И вдруг во рту погаснет папироска,
и заскучает воля обо мне.
Один их тех, что «ну давай покурим»,
сболтнет, печаль надеждой осквернив,
что у ворот задумавшихся тюрем
нам остаются рады и верны.
А мне и так не жалко и не горько.
Я не хочу нечаянных порук.
Дымись дотла, душа моя махорка,
мой дорогой и ядовитый друг.
1946
Был бы я моложе — не такая б жалость:
не на брачном ложе наша кровь смешалась.
Завтракал ты славой, ужинал бедою,
слезной и кровавой запивал водою.
«Славу запретите, отнимите кровлю»,—
сказано при Тите пламенем и кровью.
Отлучилось семя от родного лона.
Помутилось племя ветхого Сиона.
Оборвались корни, облетели кроны,—
муки гетто, коль не казни да погромы.
Не с того ли Ротшильд, молодой и лютый,
лихо заворочал золотой валютой?
Застелила вьюга пеленою хрусткой
комиссаров Духа — цвет Коммуны Русской.
Ничего, что нету надо лбами нимбов,—
всех родней поэту те, кто здесь гоним был.

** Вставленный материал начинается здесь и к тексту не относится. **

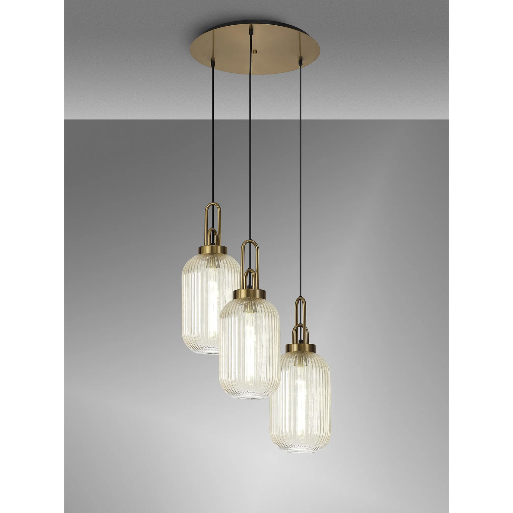Idolite Camille Round 3 Light Pendant With 20cm Tubular Ribbed Glass, Brass Gold/Matt Black Champagne | IDOK5970

И не в худший день нам под стекло попала
Чаплина с Эйнштейном солнечная пара…
Не родись я Русью, не зовись я Борькой,
не водись я с грустью золотой и горькой,
не ночуй в канавах, счастьем обуянный,
не войди я навек частью безымянной
в русские трясины, в пажити и в реки,—
я б хотел быть сыном матери-еврейки.
1946
По деревням ходят деды,
просят медные гроши.
С полуночи лезут шведы,
с юга — шпыни да шиши.
А в колосьях преют зерна,
пахнет кладбищем земля.
Поросли травою черной
беспризорные поля.
На дорогах стынут трупы.
Пропадает богатырь.
В очарованные трубы
Трубит матушка Сибирь.
На Литве звенят гитары.
Тула точит топоры.
На Дону живут татары.
На Москве сидят воры.
Льнет к полячке русый рыцарь.
Захмелела голова.
На словах ты мастерица,
вот на деле какова?..
Не кричит ночами петел,
не румянится заря.
Человечий пышный пепел
гости возят за моря…
Знать, с великого похмелья
завязалась канитель:
то ли плаха, то ли келья,
то ли брачная постель.
То ли к завтрему, быть может,
воцарится новый тать…
И никто нам не поможет.
И не надо помогать.
1947
В ночном, горячем, спутанном лесу,
где хмурый хмель, смола и паутина,
вбирая в ноздри беглую красу,
летят самцы на брачный поединок.
И вот, чертя смертельные круги,
хрипя и пенясь чувственною бурей,
рога в рога ударятся враги —
и дрогнет мир, обрызган кровью бурой.
И будет битва, яростью равна,
шатать стволы, гореть в огромных ранах.
И будет ждать, покорная, она,
дрожа душой за одного из равных…
В поэзии, как в свадебном лесу,
но только тех, кто цельностью означен,
земные страсти весело несут
в большую жизнь — к паденьям и удачам.
Ну, вот и я сквозь заросли искусств
несусь по строфам шумным и росистым
на милый зов, на роковой искус —
с великолепным недругом сразиться.
1948
Пока хоть один безутешен влюбленный,—
не знать до седин мне любви разделенной.
Пока не на всех заготовлен уют,—
пусть ветер и снег мне уснуть не дают.
И голод пока смотрит в хаты недобро,—
пусть будут бока мои — кожа да ребра.
Покуда я молод, пока я в долгу,—
другие пусть могут, а я не могу.
Сегодня, сейчас, в грозовой преисподней,
я горшую часть на спине своей поднял.
До лучших времен в непогоду гоним,
таким я рожден — и не быть мне иным.
В глазах моих боль, но ни мысли про старость.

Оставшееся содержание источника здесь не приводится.